[[ SUPPLIED INFORMATION open ]]
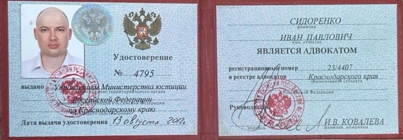 Я, адвокат Сидоренко Иван Павлович, оказываю профессиональную юридическую помощь с 2001 года. Могу помочь в решении трудовых, наследственных, семейных, земельных и пенсионных споров. Также я занимаюсь вопросами возмещения вреда здоровью и материального ущерба, взысканием стоимости восстановительного ремонта в результате ДТП и другими административными, гражданскими и арбитражными делами.
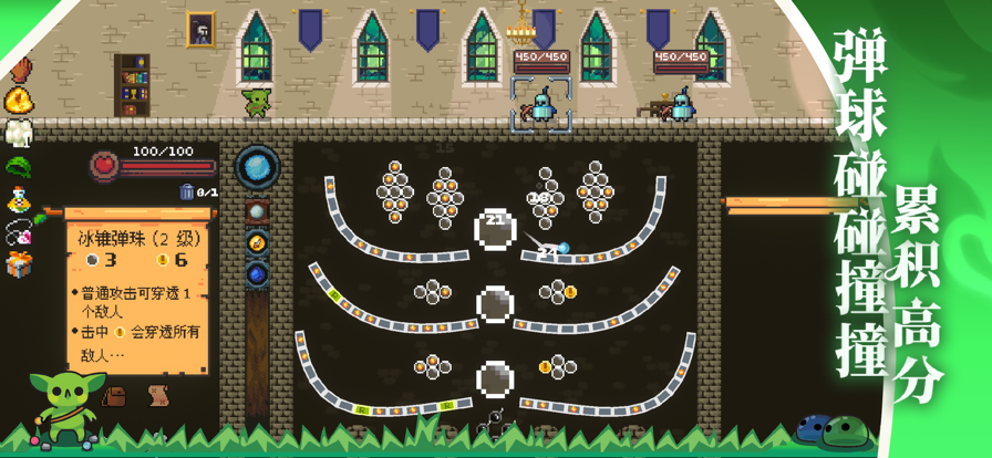 《哥布林弹球》是一款弹珠台式的Roguelike游戏 - 使用收集的各式弹珠,碰撞钉子来对敌人造成伤害。获得独特的遗物则会大幅度改变游戏机制,每次游玩都有新体验。请小心地调整射击方向,尽力在这款独特的回合制RPG中生存下去吧! 哥布林又被巨龙袭击了,还被抢走了所有的财宝。受够了!是时候出发了结它们的罪行了!穿越密林,攻克要塞,直捣龙穴,拿回属于你的财宝。好好地教训它们一顿。 哥布林弹球将幻幻球和杀戮尖塔的玩法机制相结合。敌人很难对付,如果你被击败了这局游戏就结束了。但游戏过程中,你会获得各式强力的弹珠和神奇的遗物。每种弹珠都有不同的能力。而遗物则会对你或敌人造成不同的效果,有些甚至会影响游戏的物理特性。利用好它们来打败敌人吧。 玩法介绍: 收集、强化带有各种能力的弹珠和遗物。打倒冒险之路上的怪物和首领。 使用弹珠台的方式进行攻击,击中越多的钉子,造成的伤害就越高。更要视情况灵活使用暴击钉,刷新钉和炸弹。 每一局的体验都不同,一路上会发现各式弹珠,遭遇不同的敌人,以及不一样的惊喜。
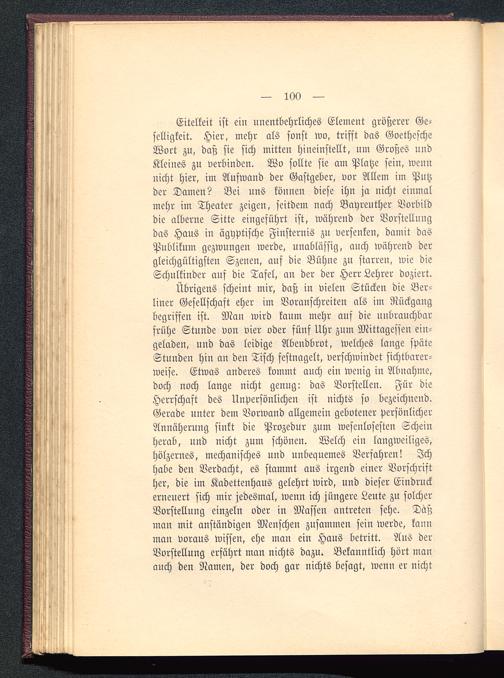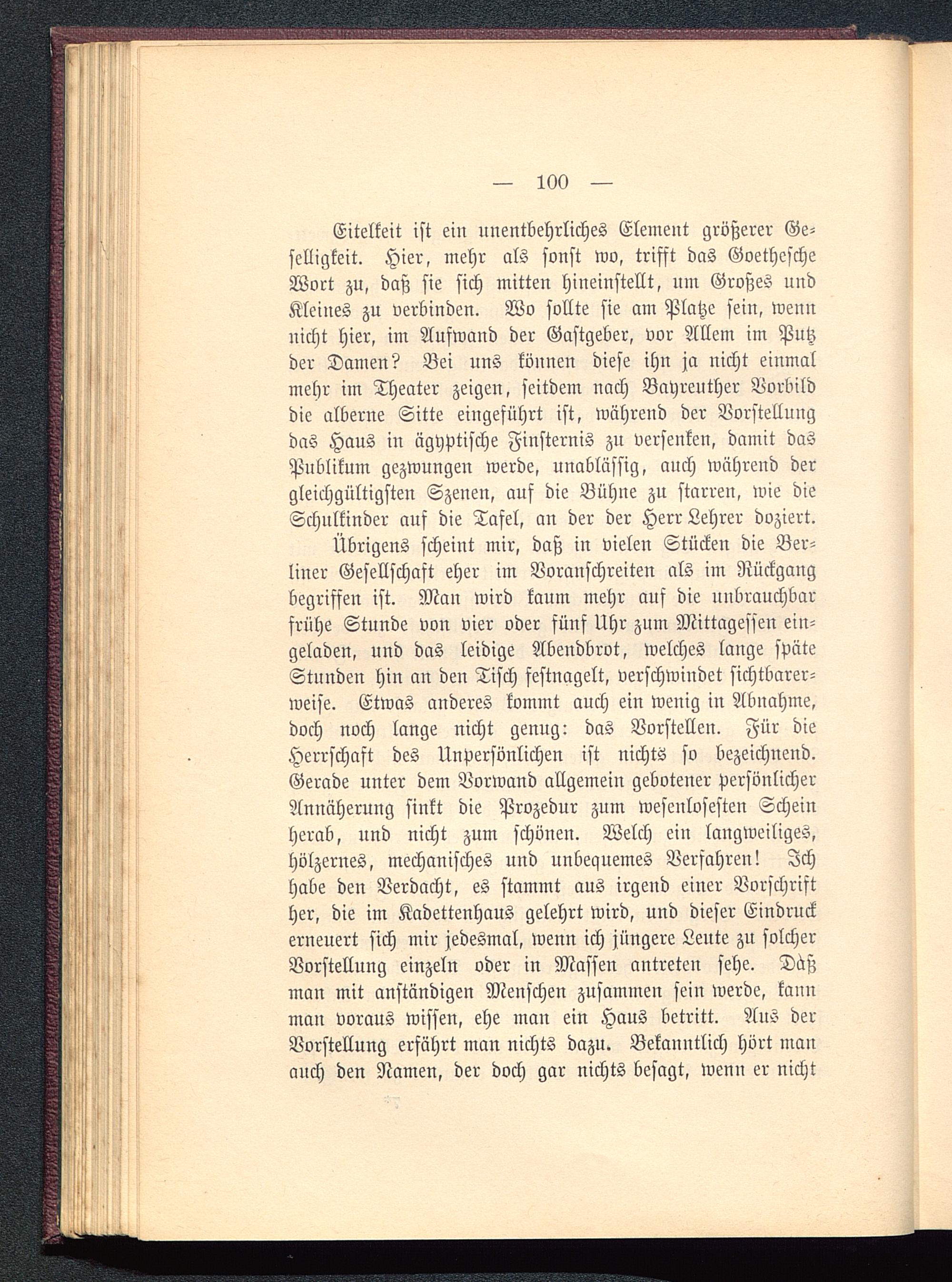 Übrigens scheint mir, daß in vielen Stücken die Ber-liner Gesellschaft eher im Voranschreiten als im Rückgangbegriffen ist. Man wird kaum mehr auf die unbrauchbarfrühe Stunde von vier oder fünf Uhr zum Mittagessen ein-geladen, nnd das leidige Abendbrot, welches lange späteStunden hin an den Tisch festnagelt, verschwindet sichtbarer-weise. Etwas anderes kommt auch ein wenig in Abnahme,doch noch lange nicht genug: das Vorstellen. Für dieHerrschaft des Unpersönlichen ist nichts so bezeichnend.Gerade unter dem Borwand allgemein gebotener persönlicherAnnäherung sinkt die Prozedur zum wesenlosesten Scheinherab, und nicht zum schönen. Welch ein langweiliges,hölzernes, mechanisches und unbequemes Verfahren! Ichhabe den Verdacht, es stammt aus irgend einer Vorschrifther, die im Kadettenhaus gelehrt wird, und dieser Eindruckerneuert sich mir jedesmal, wenn ich jüngere Leute zu solcherVorstellung einzeln oder in Massen antreten sehe. Daßman mit anständigen Menschen zusammen sein werde, kannman voraus wissen, ehe man ein Haus betritt. Aus derVorstellung erfährt man nichts dazu. Bekanntlich hört mauauch den Namen, der doch gar nichts besagt, wenn er nicht
[[ SUPPLIED INFORMATION closed ]]
Transcribe the whole listing exactly but exclude images.

● OUTPUT FOR THIS EXERCISE:
 Я, адвокат Сидоренко Иван Павлович, оказываю профессиональную юридическую помощь с 2001 года. Могу помочь в решении трудовых, наследственных, семейных, земельных и пенсионных споров. Также я занимаюсь вопросами возмещения вреда здоровью и материального ущерба, взысканием стоимости восстановительного ремонта в результате ДТП и другими административными, гражданскими и арбитражными делами.
 《哥布林弹球》是一款弹珠台式的Roguelike游戏 - 使用收集的各式弹珠,碰撞钉子来对敌人造成伤害。获得独特的遗物则会大幅度改变游戏机制,每次游玩都有新体验。请小心地调整射击方向,尽力在这款独特的回合制RPG中生存下去吧! 哥布林又被巨龙袭击了,还被抢走了所有的财宝。受够了!是时候出发了结它们的罪行了!穿越密林,攻克要塞,直捣龙穴,拿回属于你的财宝。好好地教训它们一顿。 哥布林弹球将幻幻球和杀戮尖塔的玩法机制相结合。敌人很难对付,如果你被击败了这局游戏就结束了。但游戏过程中,你会获得各式强力的弹珠和神奇的遗物。每种弹珠都有不同的能力。而遗物则会对你或敌人造成不同的效果,有些甚至会影响游戏的物理特性。利用好它们来打败敌人吧。 玩法介绍: 收集、强化带有各种能力的弹珠和遗物。打倒冒险之路上的怪物和首领。 使用弹珠台的方式进行攻击,击中越多的钉子,造成的伤害就越高。更要视情况灵活使用暴击钉,刷新钉和炸弹。 每一局的体验都不同,一路上会发现各式弹珠,遭遇不同的敌人,以及不一样的惊喜。
 Übrigens scheint mir, daß in vielen Stücken die Ber-liner Gesellschaft eher im Voranschreiten als im Rückgangbegriffen ist. Man wird kaum mehr auf die unbrauchbarfrühe Stunde von vier oder fünf Uhr zum Mittagessen ein-geladen, nnd das leidige Abendbrot, welches lange späteStunden hin an den Tisch festnagelt, verschwindet sichtbarer-weise. Etwas anderes kommt auch ein wenig in Abnahme,doch noch lange nicht genug: das Vorstellen. Für dieHerrschaft des Unpersönlichen ist nichts so bezeichnend.Gerade unter dem Borwand allgemein gebotener persönlicherAnnäherung sinkt die Prozedur zum wesenlosesten Scheinherab, und nicht zum schönen. Welch ein langweiliges,hölzernes, mechanisches und unbequemes Verfahren! Ichhabe den Verdacht, es stammt aus irgend einer Vorschrifther, die im Kadettenhaus gelehrt wird, und dieser Eindruckerneuert sich mir jedesmal, wenn ich jüngere Leute zu solcherVorstellung einzeln oder in Massen antreten sehe. Daßman mit anständigen Menschen zusammen sein werde, kannman voraus wissen, ehe man ein Haus betritt. Aus derVorstellung erfährt man nichts dazu. Bekanntlich hört mauauch den Namen, der doch gar nichts besagt, wenn er nicht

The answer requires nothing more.